Мне помнится, я видел у него
в доме портрет вашей работы.
Да, да… именно у адмирала
я видел необыкновенно
удачный женский портрет.

ГОЙЯ:
Да, я писал для адмирала
портрет одной его знакомой дамы.

ДОН МАНУЭЛЬ:
Портрет вышел чудесный.
Вероятно, дама и в жизни очень
хороша. Адмирал говорил, что
она, кажется, вьюдита… её муж
погиб?… или я что-то спутал?…
поразительно красивая дама.
(пауза)

ГОЙЯ:
Страна будет вам благодарна,
дон Мануэль, если вы заключите
мир. Мадрид опять станет прежним,
и у нас станет легче на сердце,
когда мы снова увидим здесь тех,
кого нам так явно недостает.

ДОН МАНУЭЛЬ:
Недостает?  Вы серьезно думаете,
что Мадриду недостает тех
нескольких вольнодумцев,
которых мы, вынуждены были
попросить не выезжать из их поместий.

ГОЙЯ: 
Мои портреты весьма сильно
потускнели бы при скудном
освещении. Так же Мадриду не
хватает графа Кабарруса или
сеньора Ховельяноса.
(Мануэль сделал гневное движение)
Пожалуйста, не вертите головой.

ДОН МАНУЭЛЬ:
В ваших устах это звучит
неожиданно.

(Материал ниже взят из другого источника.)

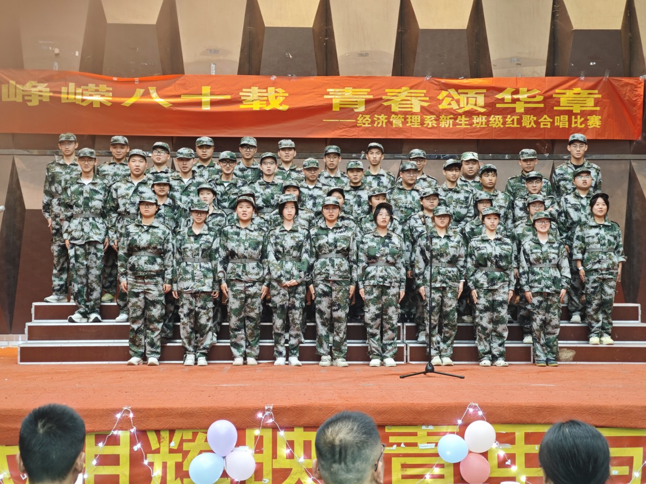 比赛现场灯火璀璨、气氛热烈。各班级参赛队伍身着整齐服装,精神抖擞依次登台。《我爱你中国》旋律悠扬,饱含对祖国的深情眷恋;《我和我的祖国》节奏激昂,唱出青年与祖国的血脉相连;《精忠报国》铿锵有力,尽显民族不屈气节;《保卫黄河》雄壮豪迈,再现中华儿女抗敌壮志;《团结就是力量》《没有共产党就没有新中国》耳熟能详,传递出凝心聚力、紧跟党走的坚定信念。参赛队伍以饱满热情与精湛演技,赢得现场阵阵掌声与评委一致好评。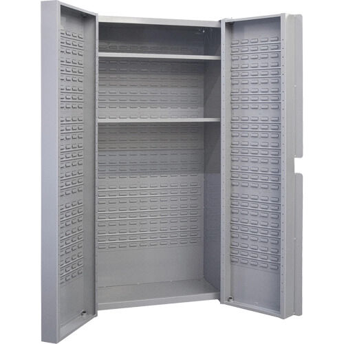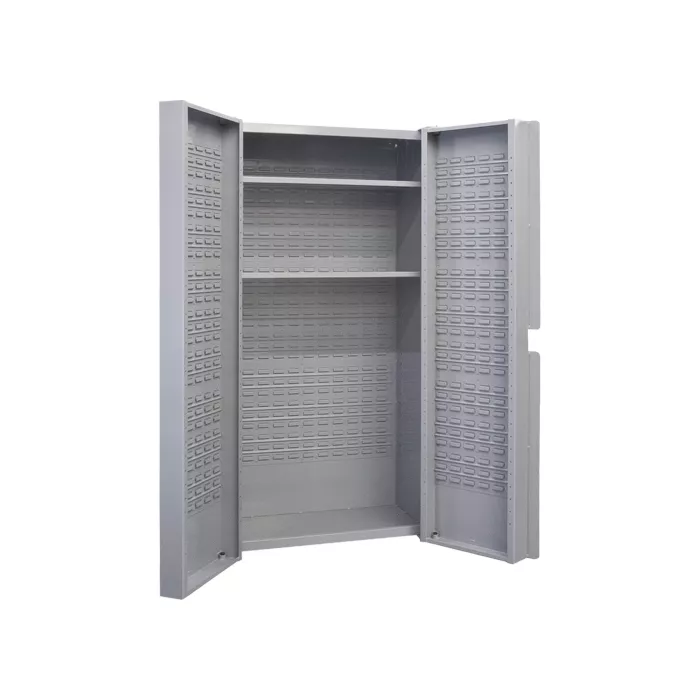 - Incorporates louvered bin hanging panels welded to the cabinet's back and doors ;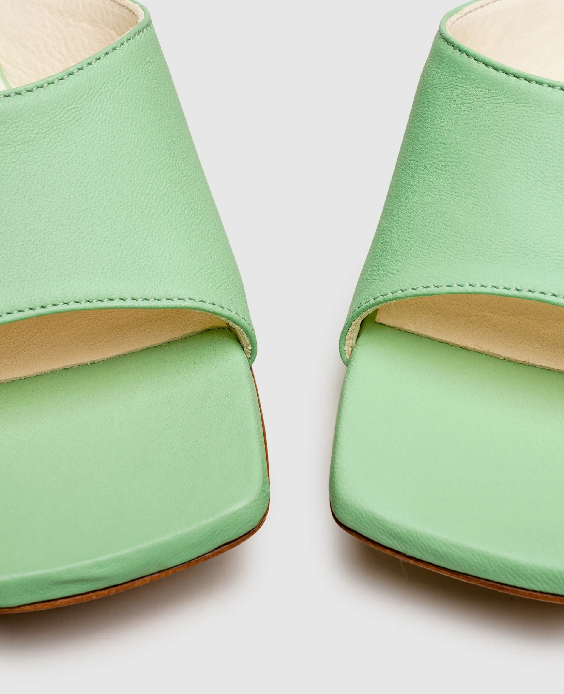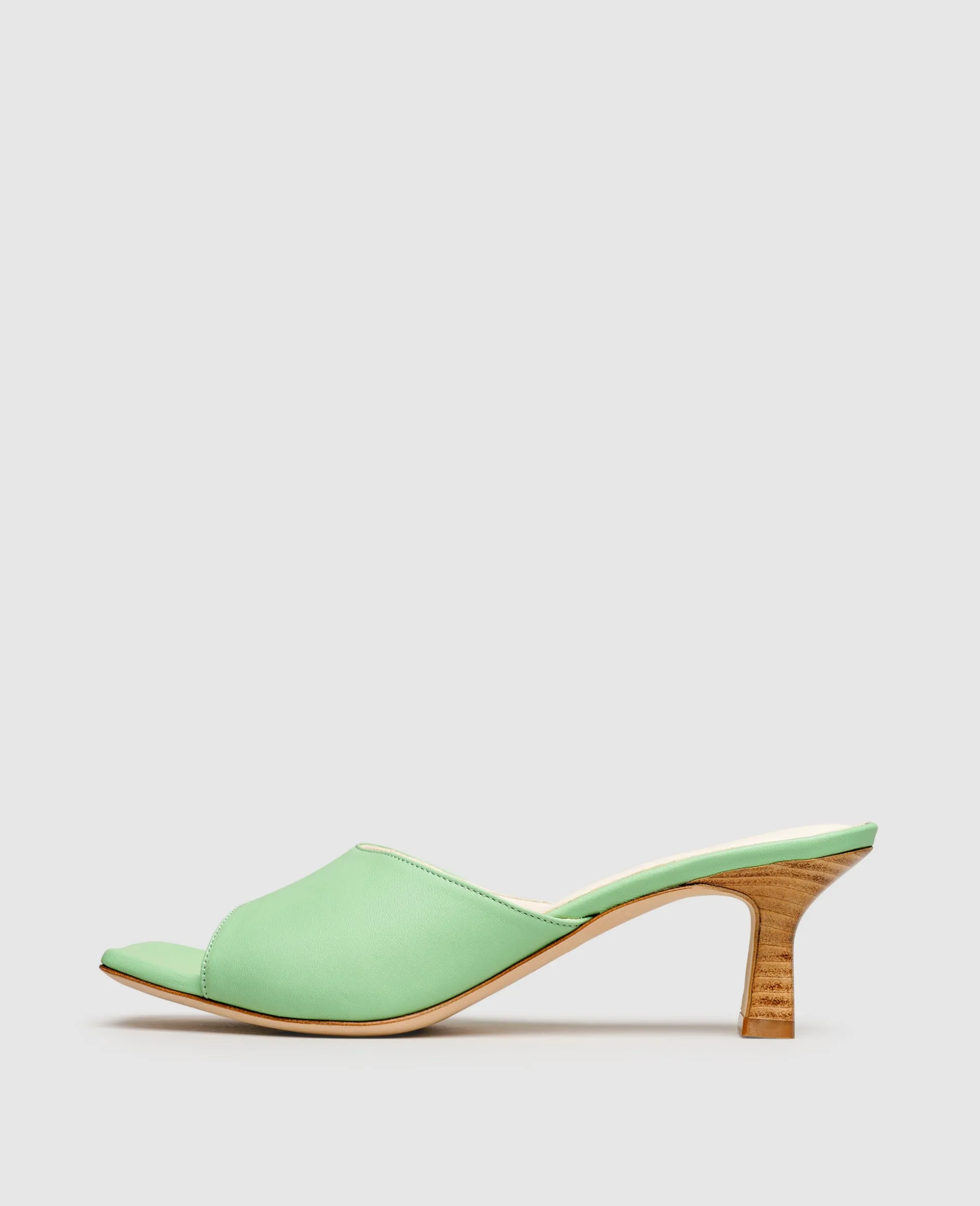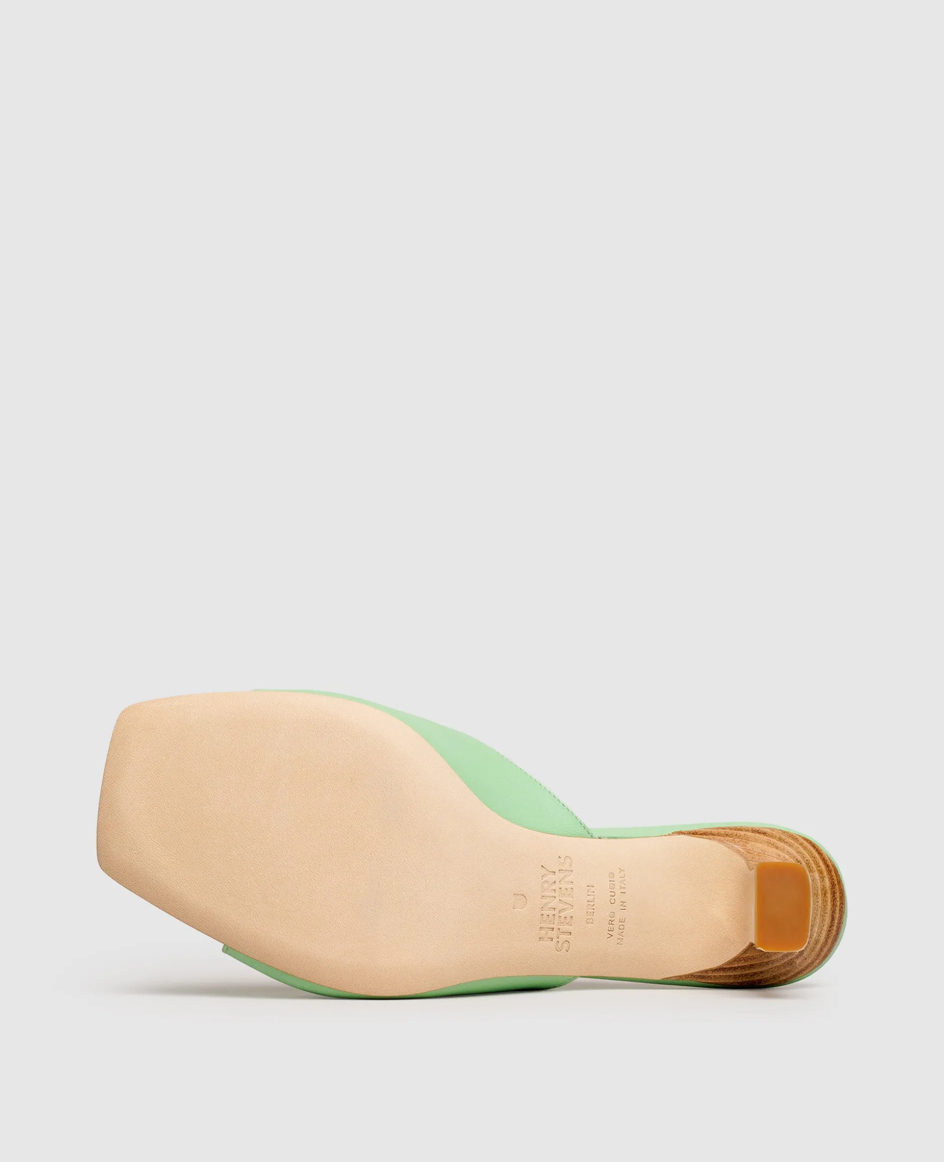 Nicht zuletzt der skulpturale Absatz mit einer Höhe von 5 Zentimetern erhebt diese Mules zu einem Statement-Piece, das garantiert bereits auf den ersten Blick Eindruck hinterlässt. Den Fuß der Trägerin ziert ein elegant geformter Riemen aus Kalbsleder, der an der Innen- und Außenseite etwas breiter ist und bei jedem Gang ausreichend Halt bietet. Zu einer anmutigen Erscheinung verhilft den Damen-Mules zudem die angesagte, eckige Vorderfußpartie.
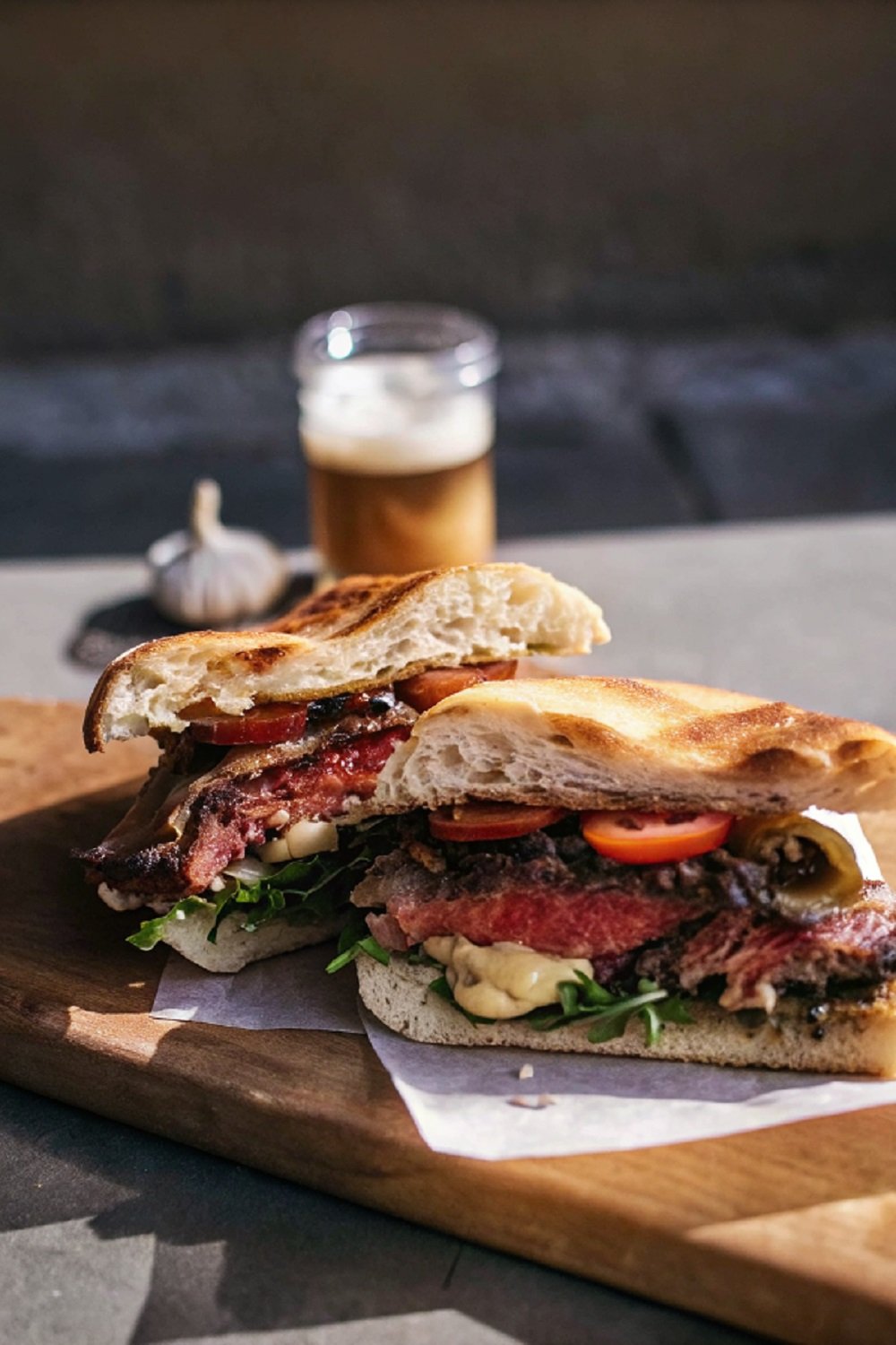 Assemble the Sandwich: Spread garlic mayo on the bread. Add sliced steak, caramelized onions, tomato slices, rocket, and a light swipe of mustard. Close the sandwich gently and slice to serve.

Если бы наш друг
дон Мигель или аббат Диего высказал такие…

ГОЙЯ:
Мне пришло это в голову,
когда вы оказали мне честь,
разрешив присутствовать при
вашем разговоре, прошу прощения,
если я сболтнул что-то
лишнее, мне показалось,
что я могу себе позволить
быть с вами… откровенным.

ДОН МАНУЭЛЬ:   
Я всегда охотно выслушиваю
откровенное мнение, я готов
принять вашу просьбу  во внимание…
Кстати, о той даме, чей удачный
портрет мы только что вспоминали,
не знаете ли вы случайно, она еще
здесь, в Мадриде? Вы встречали
её в последнее время?

ГОЙЯ: 
Время от времени я встречаюсь
с этой дамой.


ДОН МАНУЭЛЬ: 
Было бы очень любезно,
с вашей стороны, дон Франсиско,
если бы вы при случае
познакомили меня с этой дамой…
Уверили бы её, что у
меня горячее и преданное сердце,
умеющее ценить все истинно
прекрасное. Портрет
сеньоры – портрет умной женщины.

ГОЙЯ:
Да, Ваше превосходительство,
философствовать можно только
с немногими женщинами.
 
ДОН МАНУЭЛЬ:
А что, если нам весело
провести вместе вечер?
Очаровательная вьюдита,
несколько друзей… но только в том
случае, если и вы примете участие
в такой вечеринке,
дорогой дон Франсиско.

ГОЙЯ: 
Сеньора Хосефа Тудо, несомненно,
почтет для себя за честь и
удовольствие познакомиться
с вами, ваше превосходительство.
(грянула музыка дон Мануэль остался сидеть)
(Гойя собирает мольберт  выходит и возвращается с четой Бермудесов и доном Диего. Дон Диего галантно подводит донью Лусию  к подиуму. Она садится. Агустин вывозит столик с напитками и закусками)

6. Дом Бермудесов Прием..
(Дуэт Мануэля и Гойи).
Дон Мануэль, дон Мигель, донья Лусия, дон Диего, Гойя, Пепа, Агустин (напивается всю сцену)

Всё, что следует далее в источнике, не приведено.